▶ **Try it**
From the entries that follow, gather each line holding the word "Center".

▶ **Provided entries**
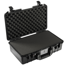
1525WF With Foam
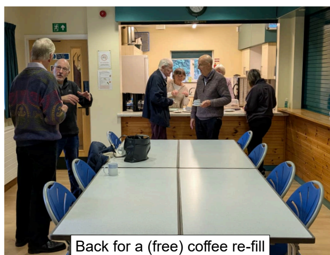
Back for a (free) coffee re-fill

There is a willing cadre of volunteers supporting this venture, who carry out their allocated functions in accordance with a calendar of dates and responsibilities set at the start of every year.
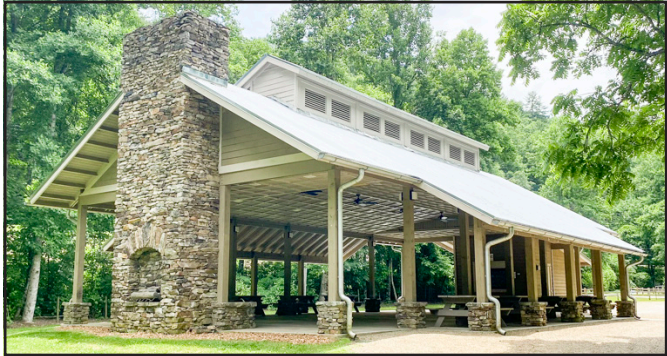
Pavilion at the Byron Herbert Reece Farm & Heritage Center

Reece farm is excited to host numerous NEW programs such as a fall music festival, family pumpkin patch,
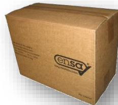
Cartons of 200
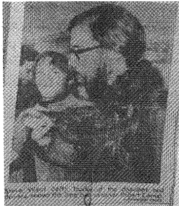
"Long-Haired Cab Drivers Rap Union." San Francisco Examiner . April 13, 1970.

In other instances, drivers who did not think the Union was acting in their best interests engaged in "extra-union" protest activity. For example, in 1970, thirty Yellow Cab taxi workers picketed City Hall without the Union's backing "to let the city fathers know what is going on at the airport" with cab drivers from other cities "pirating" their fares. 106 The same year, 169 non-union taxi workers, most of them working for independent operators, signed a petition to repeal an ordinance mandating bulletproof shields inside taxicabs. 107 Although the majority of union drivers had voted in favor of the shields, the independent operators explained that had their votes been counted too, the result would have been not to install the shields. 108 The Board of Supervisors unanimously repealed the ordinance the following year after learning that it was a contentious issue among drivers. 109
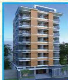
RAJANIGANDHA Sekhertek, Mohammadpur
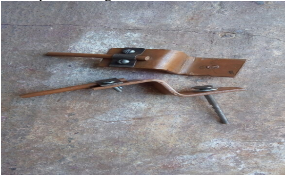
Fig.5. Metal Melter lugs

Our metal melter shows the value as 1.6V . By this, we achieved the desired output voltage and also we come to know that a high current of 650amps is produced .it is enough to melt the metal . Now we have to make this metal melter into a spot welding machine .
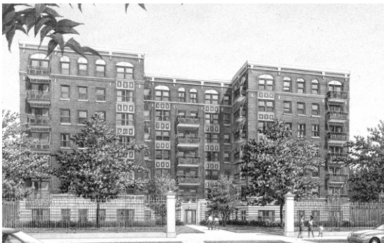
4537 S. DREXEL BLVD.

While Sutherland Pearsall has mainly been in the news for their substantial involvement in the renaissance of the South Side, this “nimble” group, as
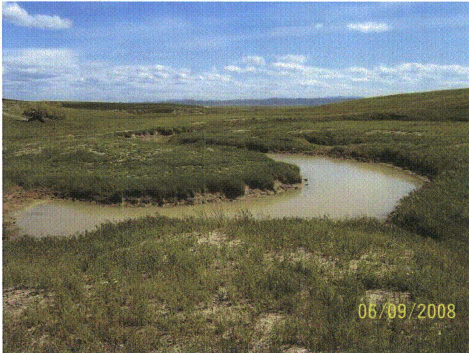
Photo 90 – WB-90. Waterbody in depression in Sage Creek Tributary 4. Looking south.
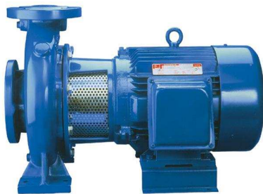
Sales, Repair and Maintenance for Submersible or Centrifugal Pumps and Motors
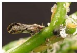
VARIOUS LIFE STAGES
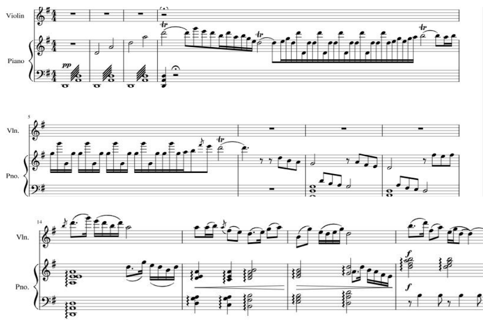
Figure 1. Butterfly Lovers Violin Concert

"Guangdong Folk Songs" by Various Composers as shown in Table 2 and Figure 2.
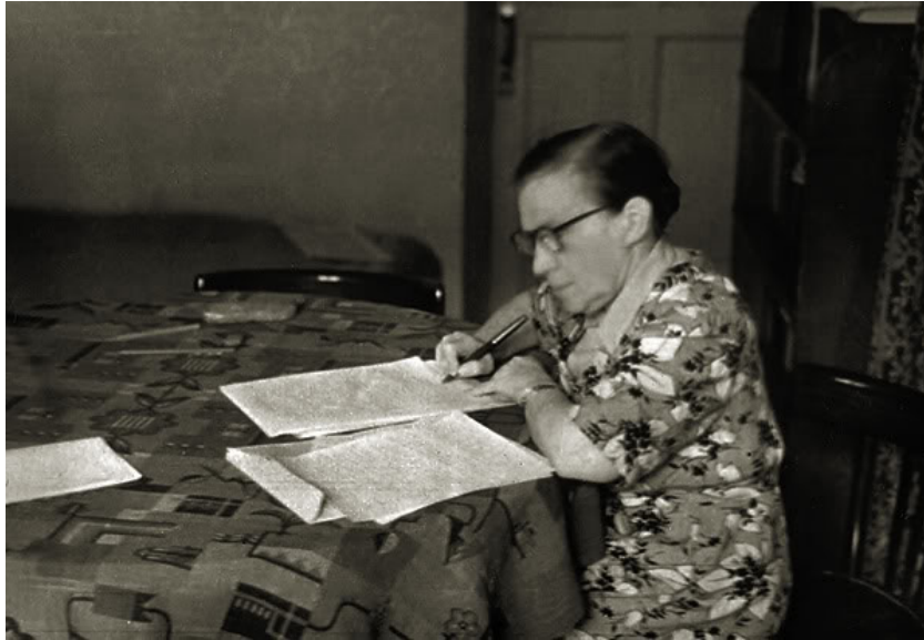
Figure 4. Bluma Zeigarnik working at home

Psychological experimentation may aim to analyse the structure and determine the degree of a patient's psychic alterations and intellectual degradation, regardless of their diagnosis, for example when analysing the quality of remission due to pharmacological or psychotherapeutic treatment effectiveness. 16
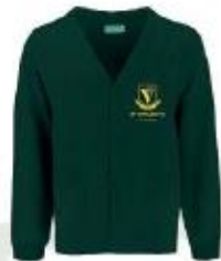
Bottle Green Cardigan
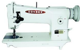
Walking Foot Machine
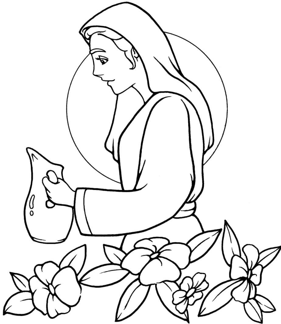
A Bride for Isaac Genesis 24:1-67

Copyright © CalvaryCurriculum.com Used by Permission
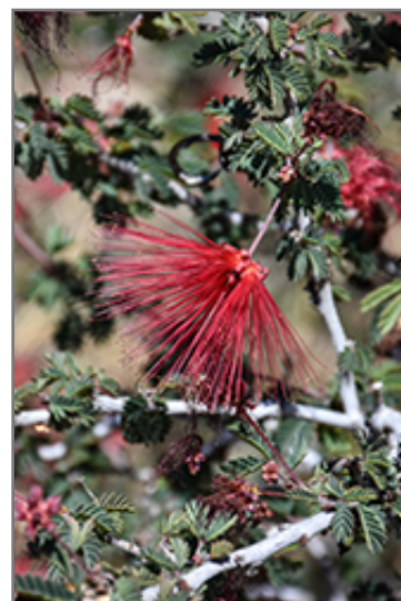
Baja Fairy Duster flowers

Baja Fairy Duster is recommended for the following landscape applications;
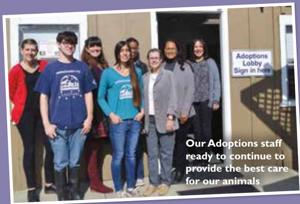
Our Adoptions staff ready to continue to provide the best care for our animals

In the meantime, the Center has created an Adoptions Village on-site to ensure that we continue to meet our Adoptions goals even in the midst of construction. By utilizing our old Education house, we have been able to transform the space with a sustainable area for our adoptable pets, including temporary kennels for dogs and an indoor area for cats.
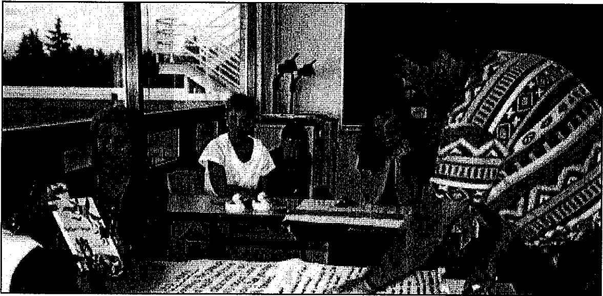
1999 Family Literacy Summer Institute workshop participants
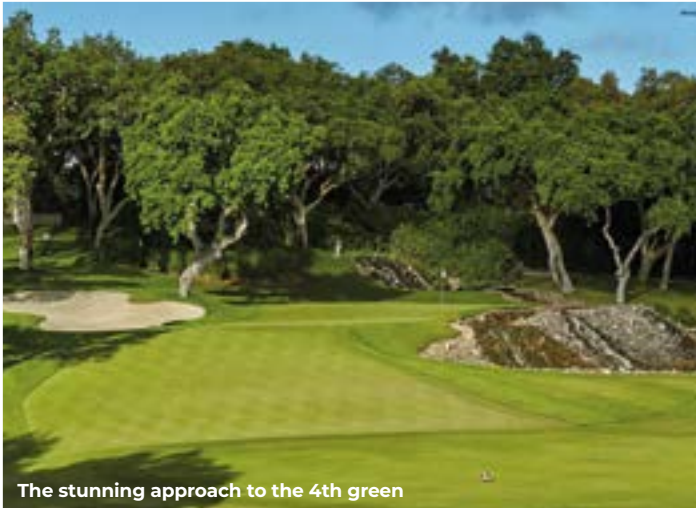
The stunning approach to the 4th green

▶ **Response**
Pavilion at the Byron Herbert Reece Farm & Heritage Center
In the meantime, the Center has created an Adoptions Village on-site to ensure that we continue to meet our Adoptions goals even in the midst of construction. By utilizing our old Education house, we have been able to transform the space with a sustainable area for our adoptable pets, including temporary kennels for dogs and an indoor area for cats.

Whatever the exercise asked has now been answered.